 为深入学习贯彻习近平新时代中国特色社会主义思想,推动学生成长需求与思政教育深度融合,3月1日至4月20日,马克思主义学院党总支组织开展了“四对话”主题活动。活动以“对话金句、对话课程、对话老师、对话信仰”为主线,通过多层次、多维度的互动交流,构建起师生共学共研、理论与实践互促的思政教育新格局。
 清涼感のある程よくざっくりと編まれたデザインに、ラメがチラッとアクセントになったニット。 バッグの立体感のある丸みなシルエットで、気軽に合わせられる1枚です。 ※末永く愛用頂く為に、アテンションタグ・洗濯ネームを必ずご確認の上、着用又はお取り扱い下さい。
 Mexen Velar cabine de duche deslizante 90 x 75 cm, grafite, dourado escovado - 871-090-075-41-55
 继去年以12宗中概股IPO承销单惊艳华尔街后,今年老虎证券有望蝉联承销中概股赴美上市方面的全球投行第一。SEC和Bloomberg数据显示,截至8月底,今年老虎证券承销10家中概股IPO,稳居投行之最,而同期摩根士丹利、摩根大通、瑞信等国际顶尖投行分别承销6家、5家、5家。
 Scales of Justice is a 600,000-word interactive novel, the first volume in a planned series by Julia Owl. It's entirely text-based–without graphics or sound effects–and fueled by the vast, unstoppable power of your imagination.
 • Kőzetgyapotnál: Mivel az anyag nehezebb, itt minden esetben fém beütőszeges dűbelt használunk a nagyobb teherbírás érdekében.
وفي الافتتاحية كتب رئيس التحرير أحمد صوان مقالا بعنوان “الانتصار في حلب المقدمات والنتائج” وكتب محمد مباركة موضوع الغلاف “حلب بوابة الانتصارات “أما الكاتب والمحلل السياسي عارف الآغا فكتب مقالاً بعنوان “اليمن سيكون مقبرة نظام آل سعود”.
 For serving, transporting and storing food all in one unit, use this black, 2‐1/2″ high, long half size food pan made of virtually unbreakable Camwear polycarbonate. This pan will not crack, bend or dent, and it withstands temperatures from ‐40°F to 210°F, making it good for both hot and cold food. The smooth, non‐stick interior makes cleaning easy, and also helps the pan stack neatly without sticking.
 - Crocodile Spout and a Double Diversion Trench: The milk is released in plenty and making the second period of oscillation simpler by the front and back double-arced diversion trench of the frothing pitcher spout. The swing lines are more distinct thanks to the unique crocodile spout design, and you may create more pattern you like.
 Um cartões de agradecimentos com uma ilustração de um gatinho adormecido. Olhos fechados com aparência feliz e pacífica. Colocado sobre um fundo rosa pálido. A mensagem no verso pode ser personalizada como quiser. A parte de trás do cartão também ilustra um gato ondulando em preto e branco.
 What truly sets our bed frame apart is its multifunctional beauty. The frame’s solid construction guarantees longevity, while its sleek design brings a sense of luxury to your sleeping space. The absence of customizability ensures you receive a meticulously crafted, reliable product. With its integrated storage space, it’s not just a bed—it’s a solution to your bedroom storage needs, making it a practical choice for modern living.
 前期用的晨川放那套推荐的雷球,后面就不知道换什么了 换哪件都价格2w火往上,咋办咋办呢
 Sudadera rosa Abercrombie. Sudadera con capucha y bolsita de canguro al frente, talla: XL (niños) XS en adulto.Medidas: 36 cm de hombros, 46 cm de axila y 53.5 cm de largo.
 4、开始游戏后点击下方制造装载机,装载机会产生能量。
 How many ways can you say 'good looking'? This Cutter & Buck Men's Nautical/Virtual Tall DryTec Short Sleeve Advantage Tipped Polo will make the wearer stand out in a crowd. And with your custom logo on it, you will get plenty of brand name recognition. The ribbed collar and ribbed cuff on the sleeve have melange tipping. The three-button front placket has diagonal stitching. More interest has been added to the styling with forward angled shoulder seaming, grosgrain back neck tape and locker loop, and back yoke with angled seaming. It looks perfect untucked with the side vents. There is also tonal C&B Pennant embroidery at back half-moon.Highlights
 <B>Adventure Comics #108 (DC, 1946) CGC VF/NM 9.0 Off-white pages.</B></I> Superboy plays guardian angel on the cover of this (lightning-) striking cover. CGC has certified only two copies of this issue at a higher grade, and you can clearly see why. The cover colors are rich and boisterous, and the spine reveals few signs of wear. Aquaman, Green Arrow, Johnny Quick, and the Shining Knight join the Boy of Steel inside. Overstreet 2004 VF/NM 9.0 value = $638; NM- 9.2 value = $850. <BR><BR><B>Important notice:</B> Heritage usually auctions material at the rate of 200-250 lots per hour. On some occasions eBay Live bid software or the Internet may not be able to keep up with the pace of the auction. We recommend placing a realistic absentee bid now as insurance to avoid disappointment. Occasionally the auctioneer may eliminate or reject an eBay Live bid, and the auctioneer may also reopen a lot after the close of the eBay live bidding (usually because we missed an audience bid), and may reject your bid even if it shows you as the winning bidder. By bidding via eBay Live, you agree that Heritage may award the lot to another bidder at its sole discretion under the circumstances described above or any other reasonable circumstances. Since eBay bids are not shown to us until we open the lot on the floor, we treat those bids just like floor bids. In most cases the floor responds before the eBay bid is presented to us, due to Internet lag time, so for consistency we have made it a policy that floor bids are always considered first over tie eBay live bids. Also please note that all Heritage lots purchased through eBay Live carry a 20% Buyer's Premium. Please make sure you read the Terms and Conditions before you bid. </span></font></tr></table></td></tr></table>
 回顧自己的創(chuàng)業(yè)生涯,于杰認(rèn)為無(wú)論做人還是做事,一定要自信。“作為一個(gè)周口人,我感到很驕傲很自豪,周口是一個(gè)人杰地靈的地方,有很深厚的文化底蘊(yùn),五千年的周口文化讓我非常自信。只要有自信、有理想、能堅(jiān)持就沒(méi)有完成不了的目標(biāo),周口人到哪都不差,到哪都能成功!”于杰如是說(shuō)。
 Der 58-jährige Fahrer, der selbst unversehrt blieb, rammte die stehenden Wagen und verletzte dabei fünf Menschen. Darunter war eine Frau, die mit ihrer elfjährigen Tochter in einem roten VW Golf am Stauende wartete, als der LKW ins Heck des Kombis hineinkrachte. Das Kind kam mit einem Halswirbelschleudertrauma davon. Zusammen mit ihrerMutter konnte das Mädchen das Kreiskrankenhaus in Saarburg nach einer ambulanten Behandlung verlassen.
^^^^
PROBLEM: Write out, from the lines above, only those from the line with "4、开始游戏后点击下方制造装载机,装载机会产生能量。" to the line with "How many ways", exactly as given, including the first and the last.

EXERCISE RESULT:
 4、开始游戏后点击下方制造装载机,装载机会产生能量。
 How many ways can you say 'good looking'? This Cutter & Buck Men's Nautical/Virtual Tall DryTec Short Sleeve Advantage Tipped Polo will make the wearer stand out in a crowd. And with your custom logo on it, you will get plenty of brand name recognition. The ribbed collar and ribbed cuff on the sleeve have melange tipping. The three-button front placket has diagonal stitching. More interest has been added to the styling with forward angled shoulder seaming, grosgrain back neck tape and locker loop, and back yoke with angled seaming. It looks perfect untucked with the side vents. There is also tonal C&B Pennant embroidery at back half-moon.Highlights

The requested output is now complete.